Main beam/radar line of sight is defined by half-power points
Q3. Does the RLOS ever change?
REPLY: Yes. The actual RLOS (not the RLOS based on the Standard Atmosphere, but the RLOS based on actual day to day weather) changes
during the day as a result of temperature and humidity changes. It also changes as fronts pass or with nearby thunderstorm outflows.
Typically after sunset, the surface temperature cools causing the radar beam to bend more towards the earth's surface. This is called super-refraction
or "ducting". The net result is that wind farms that are normally out of the RLOS may be in the RLOS at certain times of the day and during certain
weather conditions. So, even if wind farm developers site their projects outside the benchmark RLOS, the weather forecasters will
occasionally "see" the wind farms on the radar imagery.
Q4. How can NEXRAD systems "see" wind towers/turbines when I can't
visually see the radar from the wind farm?
REPLY: The path that emitted radar energy (i.e., the radar line of sight) takes, depends upon
atmospheric density. Density differences are caused by variations in pressure, temperature and moisture.
In a "standard atmosphere" representative of the atmosphere on a day with enough wind to mix the lower
atmosphere well, the radar beam takes a path that is approximately 4/3 of the Earth's radius. This bending is
called "refraction." So, the NEXRAD, like other radars, can "see" targets well beyond the optical line of sight.
The figure below is a depiction of the beam's path in a standard atmosphere.
Q5. How powerful is the NEXRAD's transmitted microwave energy?
REPLY: The NEXRAD radar transmits a pulsed signal at 750 kilowatts. The maximum time-averaged
power (transmitting and listening periods) is about 1500 watts.
Q6. Why can't the NEXRAD be reprogrammed to filter out returns from
wind turbines?
REPLY: The NEXRAD/s clutter filter scheme only removes clutter that is stationary,
such as buildings, trees, and terrain. Unfortunately, both precipitation and wind turbine blades are
moving and the filter is not applied to them. Trying to filter out moving blades will inevitably alter
how the radar sees real precipitation. Here's why. A single radar volume sample (gate) at 30 miles from the radar is approximately
a square kilometer. Thus, for a typical wind farm, the radar may receive reflected energy from many turbines
within that gate, each with multiple rotating blades.

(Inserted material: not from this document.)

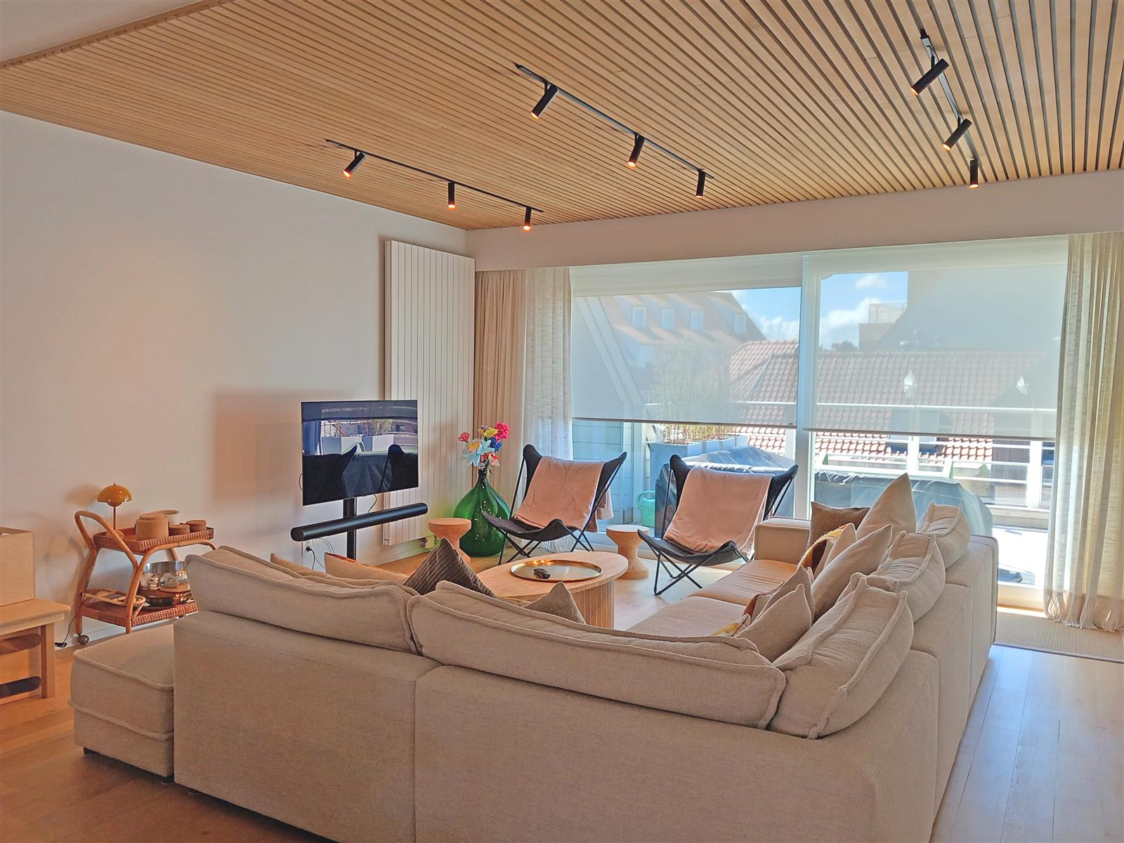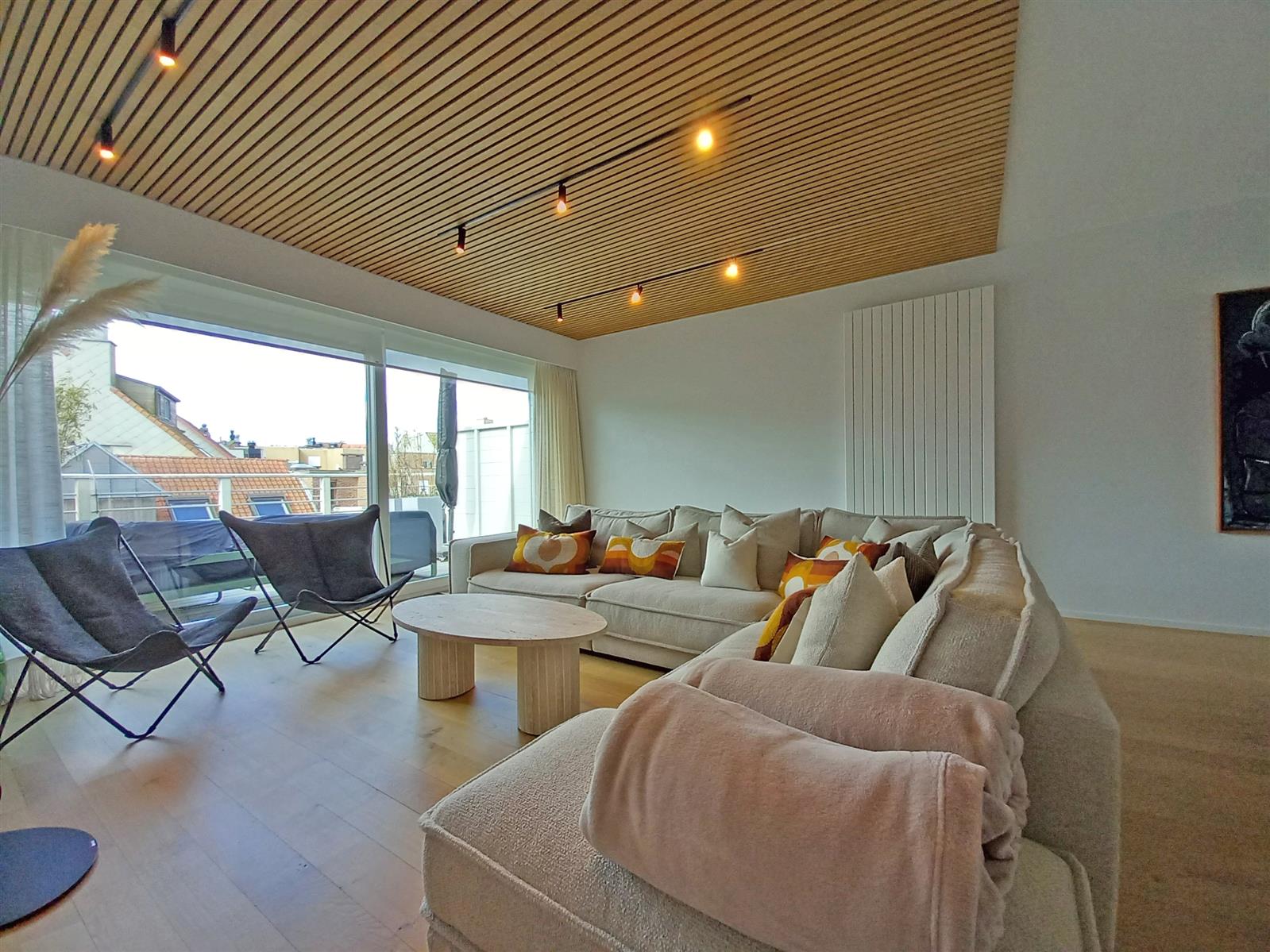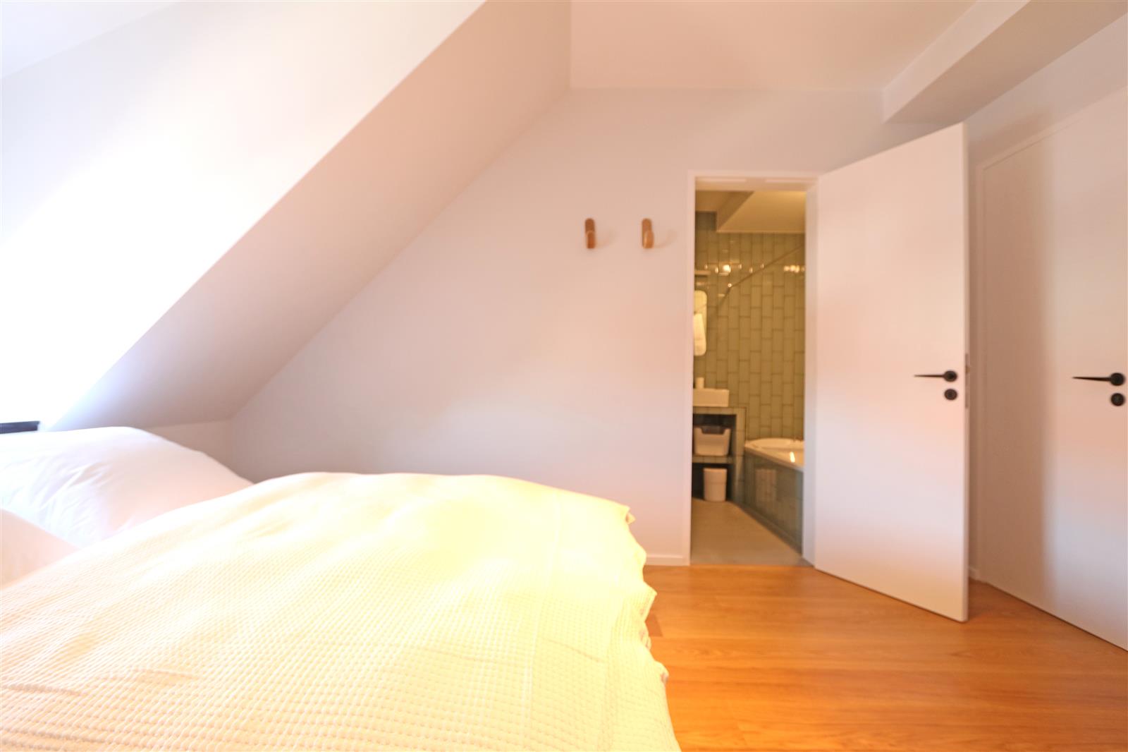 Charmante duplexpenthouse, smaakvol ingericht en voorzien van een open keuken. De woning beschikt over royale zonneterrassen aan zowel de voor- als achterzijde. Op de benedenverdieping bevindt zich een eerste dubbele slaapkamer met en-suite badkamer. De bovenverdieping omvat twee extra kamers: een ruime dubbele slaapkamer met complete badkamer en een kinderkamer met aangrenzende douchekamer. Een garagebox in de residentie is inbegrepen.
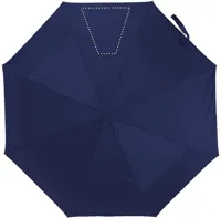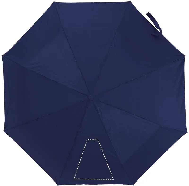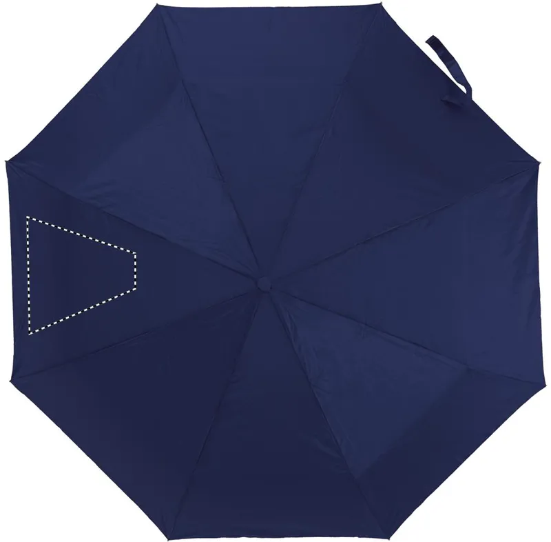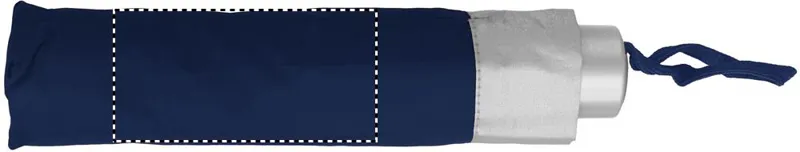 21 colos, manuális, 3 szakaszos összecsukható esernyő 190T poliészter anyagból. Galvanizált fém nyél és csúcsok. Fekete bevonatú fém váz. Színes műanyag panelek belül ezüst betéttel. Színes műanyag markolat ezüst díszítéssel és fekete csuklópánttal. Hozzáillő tokban, ezüst díszítéssel.

These numerous rotating blades appear similar to
precipitation, which is also made up of numerous distributed moving targets. Yes, there are fewer blades
than raindrops within a sample volume, but the blades make up for their smaller numbers by reflecting significantly
more energy back to the radar. However, the radar has no way to determine the number of targets it is sampling
within a particular gate. Also, the reflected energy is constantly changing as the blades change their pitch and
orientation relative to radar, with some blades moving towards the radar, some moving away, and some not appearing
to move at all (perpendicular). This is analogous to the movement of precipitation within a volume sample. Studies are underway
at the University of Oklahoma and other institutions to find a solution. However, at this time there is no known
way to filter out turbine blade clutter.
Q7. What is the NEXRAD Program doing to solve the WTC problem?

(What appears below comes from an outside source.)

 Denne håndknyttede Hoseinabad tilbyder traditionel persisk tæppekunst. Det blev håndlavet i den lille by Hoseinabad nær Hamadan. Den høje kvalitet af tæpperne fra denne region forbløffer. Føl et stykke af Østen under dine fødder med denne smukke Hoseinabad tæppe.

REPLY: The NEXRAD Program has provided research funds to the University of Oklahoma
to devise potential short-term and long-term solutions. Advanced signal processing techniques, such as non-stationary clutter filtering,
are currently being explored as sophisticated and robust solutions, but these are long-term efforts. In
addition, innovative radar designs, such as adaptive phased array antennas, are being explored as potential
solutions. Finally, knowledge-based techniques, which would exploit information (blade phase, rotation speed,
etc.) from wind turbines are being conceived. The Atmospheric Radar Research Center (ARRC) at the University
of Oklahoma plans to make use of its Electromagnetic Microphysics Laboratory (EML) for
this final concept. With the appropriate funding stream, experiments could be conducted to simulate a working turbine within the
lab, providing the ability to test knowledge-based algorithms in a controlled setting.

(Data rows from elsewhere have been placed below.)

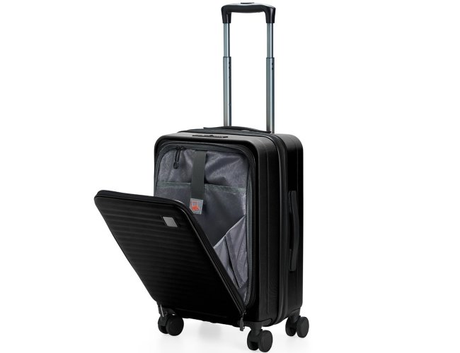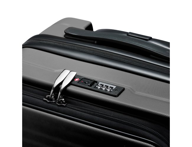 Mala de Bordo Personalizada de 32 Litros VX8216P, confeccionada em plástico ABS, conta com cadeado numérico TSA embutido para mais segurança. Abertura frontal com bolso para notebook de até 15.6, além de divisórias internas com zíperes e cinta compressora para roupas. Zíper externo expansível se encarrega de ampliar a capacidade da mala. Puxador retrátil de 3 estágios, duas alças de mão, apoios e ganchos laterais e rodinhas 360º. MEDIDA: Largura: 35,3 cm X Profundidade: 23,7 cm X Comprimento: 52,8 cm. Peso aproximado (g): 2907.
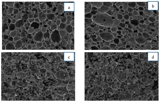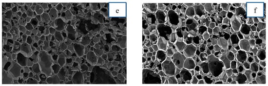 The morphology of RPUFs was analyzed using a JOEL JSM-6360 LA (Tokyo, Japan) scanning electron microscope. A thin piece of RPUF was carefully sliced with a sharp blade and stuck to aluminum stubs. Then, the samples were sputter-coated with a total of 15 nm of Au/Pd and observed under the microscope employing an accelerating voltage of 10 kV. The magnification used to observe the RPUFs was 50 nm. The statistical analysis of the six distributions of the RPUF cell was calculated on the basis of SEM images using ImageJ Software (Java 1.8.0_112, Media Cybernatics Inc., Rockville, MD, USA).
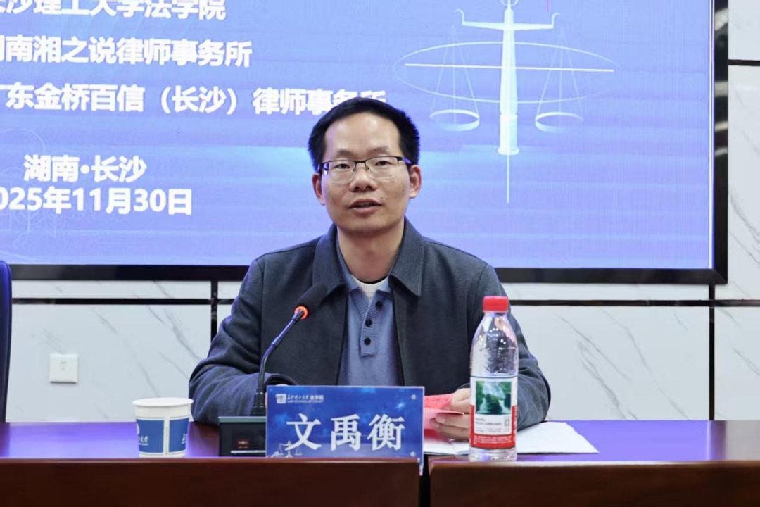 湖南省社会主义学院副院长、在线买世界杯平台法学院教授张敏纯致欢迎辞。她介绍了在线买世界杯平台以工为主、多学科协调发展的办学特色,重点阐释了法学学科“工法交叉、产教融合”的发展路径及“法律+网络技术+行业应用”的复合型人才培养模式。
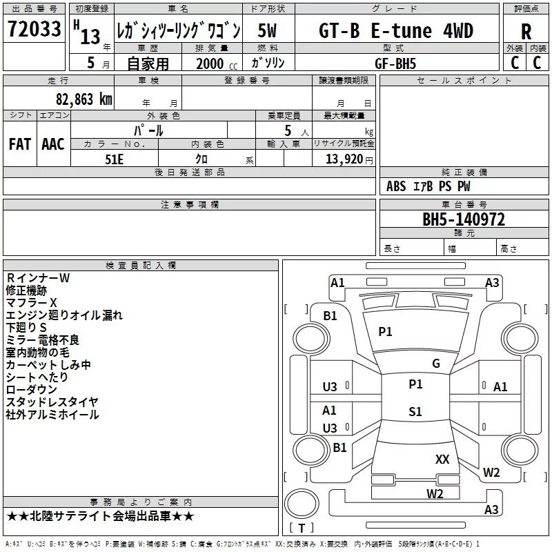 Subaru LEGACY с аукциона Японии TAA Chubu лот № 72033
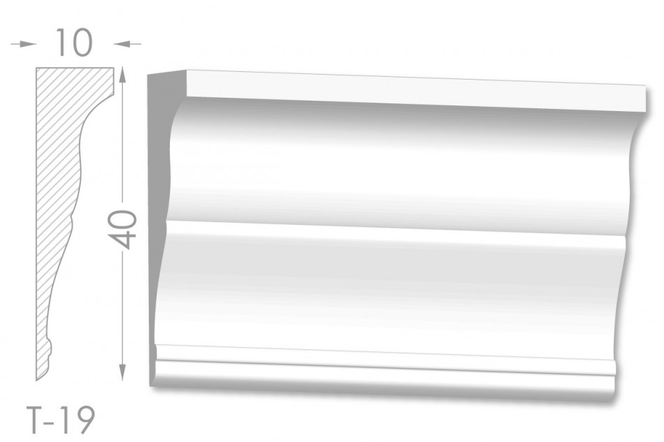 Молдинг – (Тяга) - універсальний декоративний елемент з гіпсу, оригінальної форми, який використовується для кріплення на вертикальну площину. Виріб призначений для декорування внутрішніх стін приміщень. Мета-створення особливого візуального ефекту, зонування стельової області, верхньої частини стін, завершення дизайнерського інтер'єру, внесення «останніх штрихів». Конструкція виконана з якісних матеріалів, колір – білий, відповідний кольору сировини. Молдинг може бути декорований відповідно до обраної колірної гами стилем, пофарбованим в необхідний відтінок. Параметри виробу: висота 40 мм, ширина – 10 мм.

Q8. How close is a NEXRAD-based solution to the WTC problem?
REPLY: There may not be a NEXRAD-based solution (i.e. no signal processing solution). The simplest solutions,
such as identifying and flagging wind turbine-corrupted data are at least 5 years away and they are only partial solutions. Signal processing
solutions, in general, are very complicated and are at least 5 years away, assuming an acceptable solution can even be found.
Q9. Can't you just move the NEXRAD to a new location, or build a new one?
REPLY: Moving a NEXRAD radar is
very expensive--$1.5Million(M) to $4M—and a new
weather radar with similar NEXRAD capabilities could
be $10M depending on site acquisition costs and
other site-specific costs like radar tower height.
In general, moving a radar is not a good solution
since these radars were strategically sited to work
as a national network with proper coverage while
minimizing operating costs. Moving one radar can
affect coverage relative to surrounding radars in
the network. Given the ever increasing number of
wind farms being installed, this can quickly become
a costly and futile exercise as new wind farms
encroach on the moved radar.
Q10. Can the NEXRAD impact a wind turbine or its maintenance personnel?
REPLY: Yes, if a wind turbine is
sited very close to the radar. When wind turbines
are sited very close to NEXRAD radars, the turbines
can be adversely affected by the high power, 750 KW,
radar transmission. Within 600 ft of a NEXRAD and in
the transmitted beam, this energy can exceed the
OSHA (29 CFR Part 1910--Subpart G-Occupational
Health and Environmental Control Ch.1910.97)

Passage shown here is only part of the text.